RECORDS PROVIDED Start Marker

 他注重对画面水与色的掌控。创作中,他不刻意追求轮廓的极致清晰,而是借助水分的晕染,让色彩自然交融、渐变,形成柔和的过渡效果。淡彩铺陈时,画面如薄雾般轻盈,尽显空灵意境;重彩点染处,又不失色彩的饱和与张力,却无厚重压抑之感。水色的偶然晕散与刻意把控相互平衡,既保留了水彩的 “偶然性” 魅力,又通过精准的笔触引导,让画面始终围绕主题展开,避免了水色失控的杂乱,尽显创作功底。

RECORDS PROVIDED End Marker
RECORDS PROVIDED Start Marker

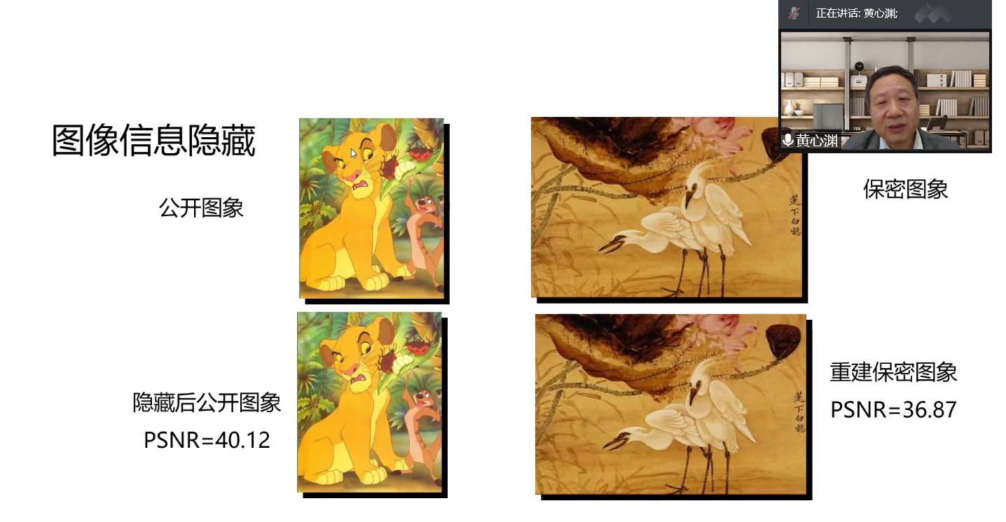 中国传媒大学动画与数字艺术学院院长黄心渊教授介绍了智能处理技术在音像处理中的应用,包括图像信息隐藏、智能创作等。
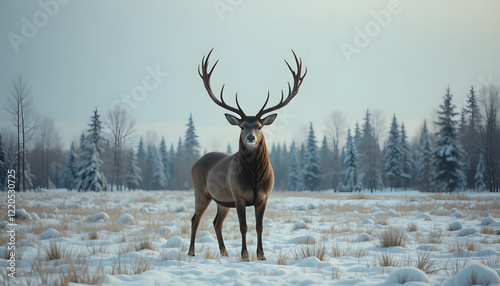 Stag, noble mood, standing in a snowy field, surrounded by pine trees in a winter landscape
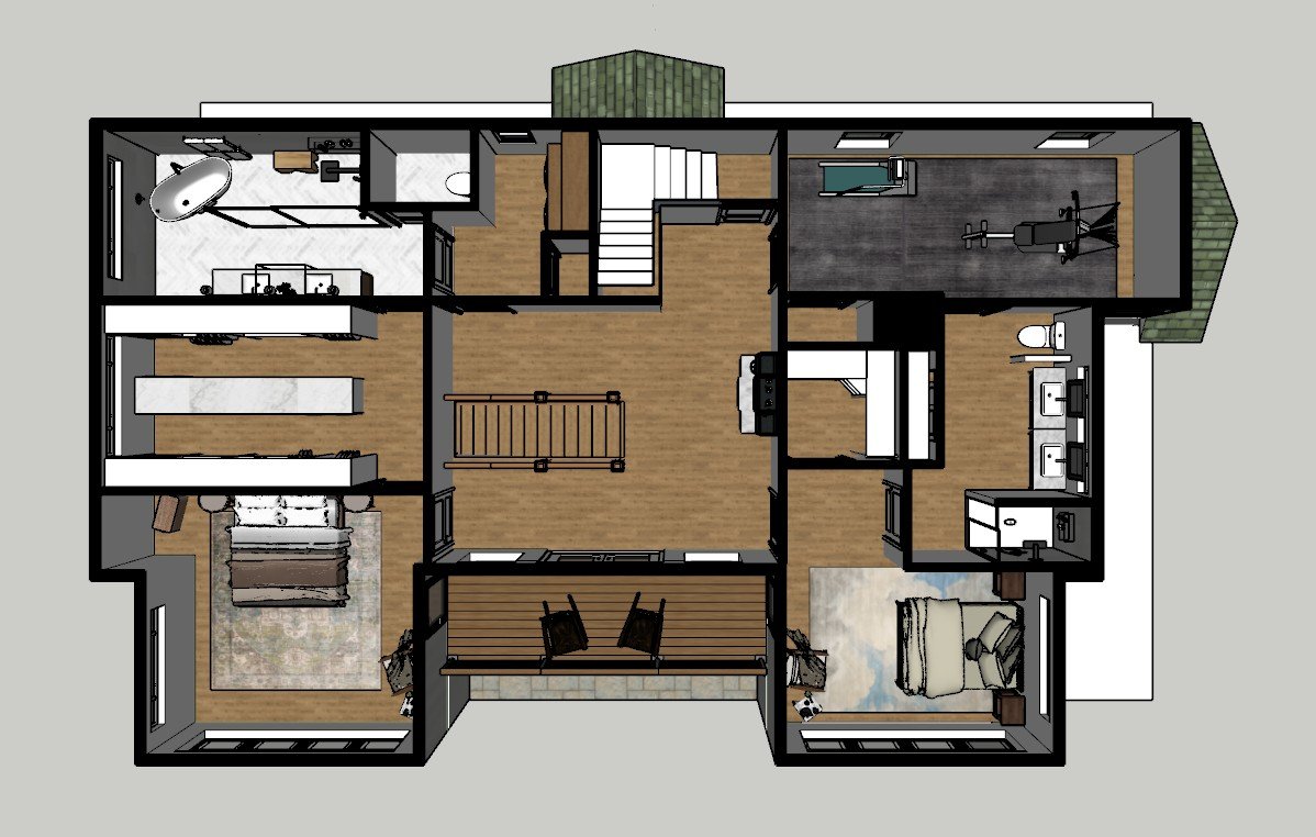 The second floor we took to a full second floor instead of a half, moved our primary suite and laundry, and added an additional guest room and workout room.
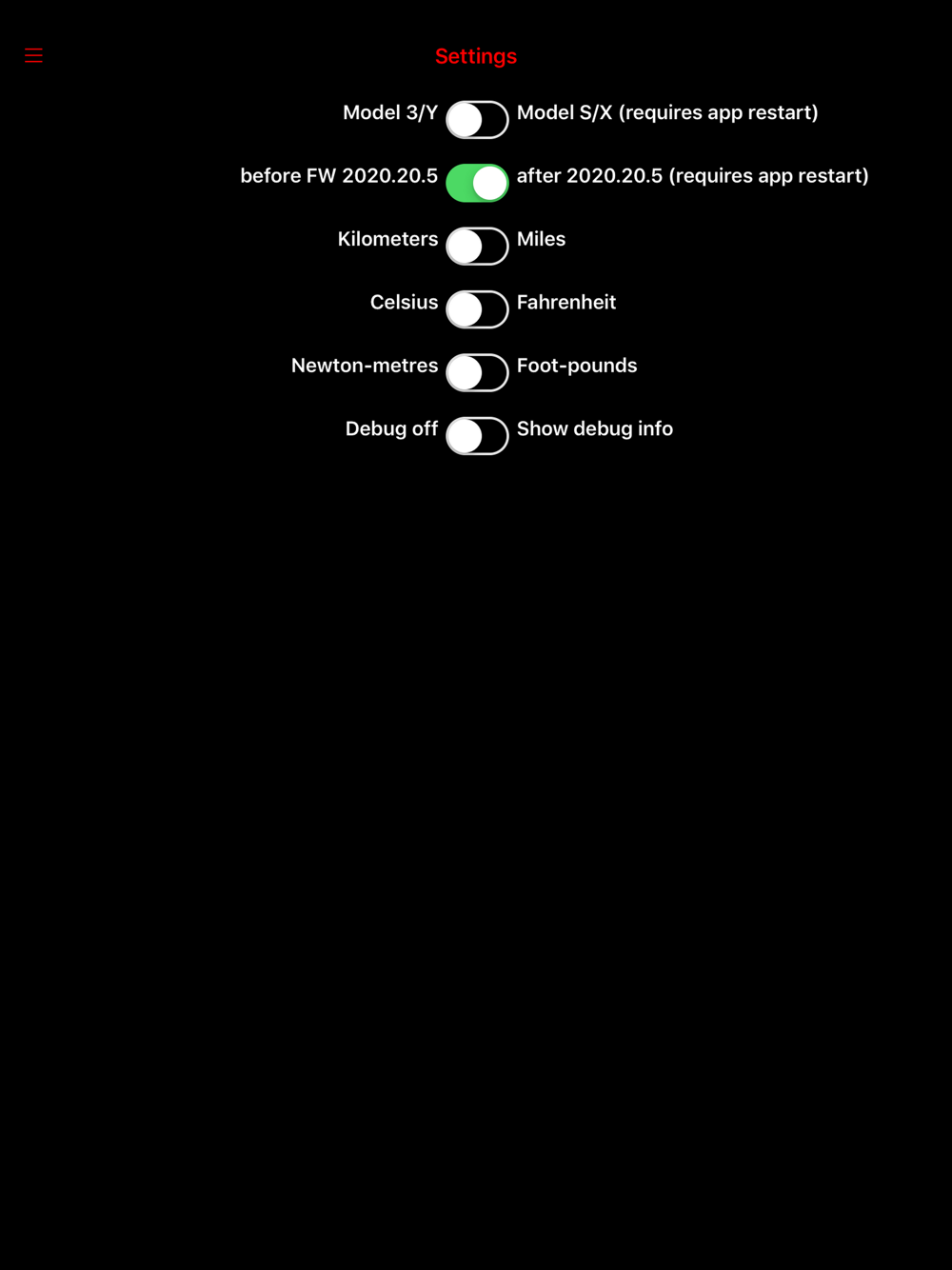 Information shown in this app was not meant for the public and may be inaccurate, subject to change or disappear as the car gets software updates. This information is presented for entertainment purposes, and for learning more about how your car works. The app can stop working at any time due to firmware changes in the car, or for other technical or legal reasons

RECORDS PROVIDED End Marker

◆ PROBLEM STATEMENT: Print from the line containing "The second floor" through the line containing "Information shown in" in the data above, exactly as the lines stand, and omit every picture.

◆ EXERCISE RESULT:
 The second floor we took to a full second floor instead of a half, moved our primary suite and laundry, and added an additional guest room and workout room.
 Information shown in this app was not meant for the public and may be inaccurate, subject to change or disappear as the car gets software updates. This information is presented for entertainment purposes, and for learning more about how your car works. The app can stop working at any time due to firmware changes in the car, or for other technical or legal reasons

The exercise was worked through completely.